# [Work instruction]
Give back the full listing exactly, setting the pictures aside.

[Supplied material]

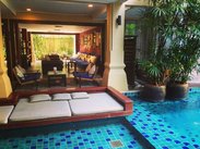 门脸很小,但是里面很大,有2个不小的泳池,多家餐厅,说九转十八弯有点夸张,不过确实蛮有玄机。第一晚入住的 Classic room,第二晚最便宜的这种被订光了,换的至尊房,很值得。有2个阳台,阳台边有休闲椅,一张足有3米宽的床,寝具很舒服。Burasari很人性化的一点,冰箱里每天有4罐饮料、2罐啤酒,1包奥利奥,一包薯片是For Free的!唯一的不满,洁具似乎有些年头了,资金允许就换换吧。Burasari去海边很方便,走出去便是了
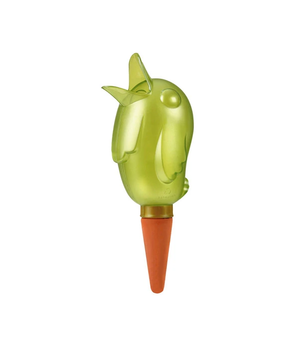 Die Vogelfigur besteht im oberen Teil aus einem durchsichtigen Kunststoffkörper, in den Sie ganz einfach durch den großen Schnabel Wasser in den Bauch füllen können. Das Wasser gelangt so nach und nach in den Tonkegel, den Sie in die Erde eines Blumentopfs stecken und der das Wasser aus dem Reservoir kontinuierlich und zuverlässig in den Boden leitet, so dass sich die Pflanze je nach Bedarf damit versorgen kann. Ein ebenso einfaches wie effizientes Prinzip, das zugleich dafür sorgt, dass die Erde niemals zu nass oder zu trocken ist. Und mit einem Blick auf den durchsichtigen Kunststoffkörper sehen Sie sofort, wann Sie wieder Wasser in den Wasserspeicher Bördy füllen müssen.
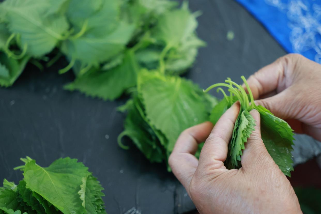 “很多人不认识紫苏叶子,没怎么见过。最初,周边村民都以为是桑叶。”王丽回忆。她已经在基地工作了近10年。现在,村民们都知道,这种叶子比较珍贵,附近也有很多人靠采摘和分拣紫苏叶,获得了一份收入。
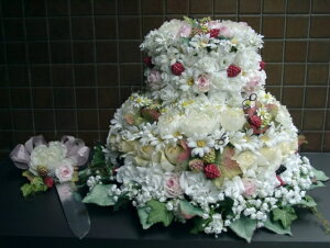 お客様のご希望にあわせて制作したブライダルアートフラワーケーキ2段型。 白い花を多めに淡いピンクやクリーム色でまとめました。 すそにはカスミソウを使い柔らかさを出しました。 ポイントにはラズベリーを、マーガレット...

[/Supplied material]

# [Exercise answer]
 门脸很小,但是里面很大,有2个不小的泳池,多家餐厅,说九转十八弯有点夸张,不过确实蛮有玄机。第一晚入住的 Classic room,第二晚最便宜的这种被订光了,换的至尊房,很值得。有2个阳台,阳台边有休闲椅,一张足有3米宽的床,寝具很舒服。Burasari很人性化的一点,冰箱里每天有4罐饮料、2罐啤酒,1包奥利奥,一包薯片是For Free的!唯一的不满,洁具似乎有些年头了,资金允许就换换吧。Burasari去海边很方便,走出去便是了
 Die Vogelfigur besteht im oberen Teil aus einem durchsichtigen Kunststoffkörper, in den Sie ganz einfach durch den großen Schnabel Wasser in den Bauch füllen können. Das Wasser gelangt so nach und nach in den Tonkegel, den Sie in die Erde eines Blumentopfs stecken und der das Wasser aus dem Reservoir kontinuierlich und zuverlässig in den Boden leitet, so dass sich die Pflanze je nach Bedarf damit versorgen kann. Ein ebenso einfaches wie effizientes Prinzip, das zugleich dafür sorgt, dass die Erde niemals zu nass oder zu trocken ist. Und mit einem Blick auf den durchsichtigen Kunststoffkörper sehen Sie sofort, wann Sie wieder Wasser in den Wasserspeicher Bördy füllen müssen.
 “很多人不认识紫苏叶子,没怎么见过。最初,周边村民都以为是桑叶。”王丽回忆。她已经在基地工作了近10年。现在,村民们都知道,这种叶子比较珍贵,附近也有很多人靠采摘和分拣紫苏叶,获得了一份收入。
 お客様のご希望にあわせて制作したブライダルアートフラワーケーキ2段型。 白い花を多めに淡いピンクやクリーム色でまとめました。 すそにはカスミソウを使い柔らかさを出しました。 ポイントにはラズベリーを、マーガレット...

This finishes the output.